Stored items
========
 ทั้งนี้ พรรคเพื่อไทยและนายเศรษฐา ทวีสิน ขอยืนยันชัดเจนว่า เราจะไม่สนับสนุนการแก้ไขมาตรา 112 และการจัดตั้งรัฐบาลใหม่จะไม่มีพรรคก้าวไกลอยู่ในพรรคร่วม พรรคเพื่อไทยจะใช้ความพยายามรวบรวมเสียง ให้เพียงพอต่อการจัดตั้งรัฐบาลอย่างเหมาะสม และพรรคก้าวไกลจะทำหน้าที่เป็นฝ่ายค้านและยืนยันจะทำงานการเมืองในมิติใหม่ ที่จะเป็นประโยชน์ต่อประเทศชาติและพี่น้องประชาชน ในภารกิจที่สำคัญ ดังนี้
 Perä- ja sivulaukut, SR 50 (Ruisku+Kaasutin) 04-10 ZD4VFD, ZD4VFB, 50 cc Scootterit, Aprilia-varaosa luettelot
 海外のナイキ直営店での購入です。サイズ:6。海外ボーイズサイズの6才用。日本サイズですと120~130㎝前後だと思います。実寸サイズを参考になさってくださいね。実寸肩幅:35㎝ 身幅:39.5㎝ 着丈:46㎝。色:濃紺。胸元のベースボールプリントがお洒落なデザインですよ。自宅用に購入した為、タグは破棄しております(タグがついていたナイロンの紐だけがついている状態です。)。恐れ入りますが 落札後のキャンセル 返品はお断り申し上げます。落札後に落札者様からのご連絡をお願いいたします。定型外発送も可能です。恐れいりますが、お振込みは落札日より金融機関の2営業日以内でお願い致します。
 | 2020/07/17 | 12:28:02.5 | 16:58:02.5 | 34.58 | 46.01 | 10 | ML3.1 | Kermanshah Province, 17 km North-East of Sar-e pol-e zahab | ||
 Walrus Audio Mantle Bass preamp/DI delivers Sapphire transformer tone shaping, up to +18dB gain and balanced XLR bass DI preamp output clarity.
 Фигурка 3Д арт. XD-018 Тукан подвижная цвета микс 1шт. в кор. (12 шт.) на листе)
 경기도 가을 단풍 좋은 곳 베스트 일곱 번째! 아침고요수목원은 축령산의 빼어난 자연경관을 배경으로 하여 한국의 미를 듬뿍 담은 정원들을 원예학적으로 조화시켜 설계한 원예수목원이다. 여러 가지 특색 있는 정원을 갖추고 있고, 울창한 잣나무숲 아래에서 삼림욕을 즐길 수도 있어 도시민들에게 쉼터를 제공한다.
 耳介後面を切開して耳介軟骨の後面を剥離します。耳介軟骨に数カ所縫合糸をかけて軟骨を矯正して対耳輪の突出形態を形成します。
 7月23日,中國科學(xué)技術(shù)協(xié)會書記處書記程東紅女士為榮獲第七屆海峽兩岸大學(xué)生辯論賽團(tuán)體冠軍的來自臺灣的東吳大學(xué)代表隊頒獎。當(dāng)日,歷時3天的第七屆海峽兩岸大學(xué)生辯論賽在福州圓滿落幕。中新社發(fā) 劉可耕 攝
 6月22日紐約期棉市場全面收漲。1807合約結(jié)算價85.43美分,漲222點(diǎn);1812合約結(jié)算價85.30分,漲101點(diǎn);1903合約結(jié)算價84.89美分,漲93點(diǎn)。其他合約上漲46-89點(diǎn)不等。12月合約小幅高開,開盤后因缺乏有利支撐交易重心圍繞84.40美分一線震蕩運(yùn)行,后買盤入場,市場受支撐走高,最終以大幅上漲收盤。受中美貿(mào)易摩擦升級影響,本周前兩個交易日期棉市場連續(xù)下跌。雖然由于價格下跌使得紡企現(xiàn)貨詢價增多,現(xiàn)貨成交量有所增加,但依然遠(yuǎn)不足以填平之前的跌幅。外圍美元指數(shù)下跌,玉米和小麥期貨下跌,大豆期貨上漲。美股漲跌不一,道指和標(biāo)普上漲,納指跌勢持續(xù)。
========
Exercise instructions » Every line from the one containing "Perä- ja sivulaukut, SR" through the last line of the entries should be output exactly; nothing else belongs in the reply.

Output for this exercise »
 Perä- ja sivulaukut, SR 50 (Ruisku+Kaasutin) 04-10 ZD4VFD, ZD4VFB, 50 cc Scootterit, Aprilia-varaosa luettelot
 海外のナイキ直営店での購入です。サイズ:6。海外ボーイズサイズの6才用。日本サイズですと120~130㎝前後だと思います。実寸サイズを参考になさってくださいね。実寸肩幅:35㎝ 身幅:39.5㎝ 着丈:46㎝。色:濃紺。胸元のベースボールプリントがお洒落なデザインですよ。自宅用に購入した為、タグは破棄しております(タグがついていたナイロンの紐だけがついている状態です。)。恐れ入りますが 落札後のキャンセル 返品はお断り申し上げます。落札後に落札者様からのご連絡をお願いいたします。定型外発送も可能です。恐れいりますが、お振込みは落札日より金融機関の2営業日以内でお願い致します。
 | 2020/07/17 | 12:28:02.5 | 16:58:02.5 | 34.58 | 46.01 | 10 | ML3.1 | Kermanshah Province, 17 km North-East of Sar-e pol-e zahab | ||
 Walrus Audio Mantle Bass preamp/DI delivers Sapphire transformer tone shaping, up to +18dB gain and balanced XLR bass DI preamp output clarity.
 Фигурка 3Д арт. XD-018 Тукан подвижная цвета микс 1шт. в кор. (12 шт.) на листе)
 경기도 가을 단풍 좋은 곳 베스트 일곱 번째! 아침고요수목원은 축령산의 빼어난 자연경관을 배경으로 하여 한국의 미를 듬뿍 담은 정원들을 원예학적으로 조화시켜 설계한 원예수목원이다. 여러 가지 특색 있는 정원을 갖추고 있고, 울창한 잣나무숲 아래에서 삼림욕을 즐길 수도 있어 도시민들에게 쉼터를 제공한다.
 耳介後面を切開して耳介軟骨の後面を剥離します。耳介軟骨に数カ所縫合糸をかけて軟骨を矯正して対耳輪の突出形態を形成します。
 7月23日,中國科學(xué)技術(shù)協(xié)會書記處書記程東紅女士為榮獲第七屆海峽兩岸大學(xué)生辯論賽團(tuán)體冠軍的來自臺灣的東吳大學(xué)代表隊頒獎。當(dāng)日,歷時3天的第七屆海峽兩岸大學(xué)生辯論賽在福州圓滿落幕。中新社發(fā) 劉可耕 攝
 6月22日紐約期棉市場全面收漲。1807合約結(jié)算價85.43美分,漲222點(diǎn);1812合約結(jié)算價85.30分,漲101點(diǎn);1903合約結(jié)算價84.89美分,漲93點(diǎn)。其他合約上漲46-89點(diǎn)不等。12月合約小幅高開,開盤后因缺乏有利支撐交易重心圍繞84.40美分一線震蕩運(yùn)行,后買盤入場,市場受支撐走高,最終以大幅上漲收盤。受中美貿(mào)易摩擦升級影響,本周前兩個交易日期棉市場連續(xù)下跌。雖然由于價格下跌使得紡企現(xiàn)貨詢價增多,現(xiàn)貨成交量有所增加,但依然遠(yuǎn)不足以填平之前的跌幅。外圍美元指數(shù)下跌,玉米和小麥期貨下跌,大豆期貨上漲。美股漲跌不一,道指和標(biāo)普上漲,納指跌勢持續(xù)。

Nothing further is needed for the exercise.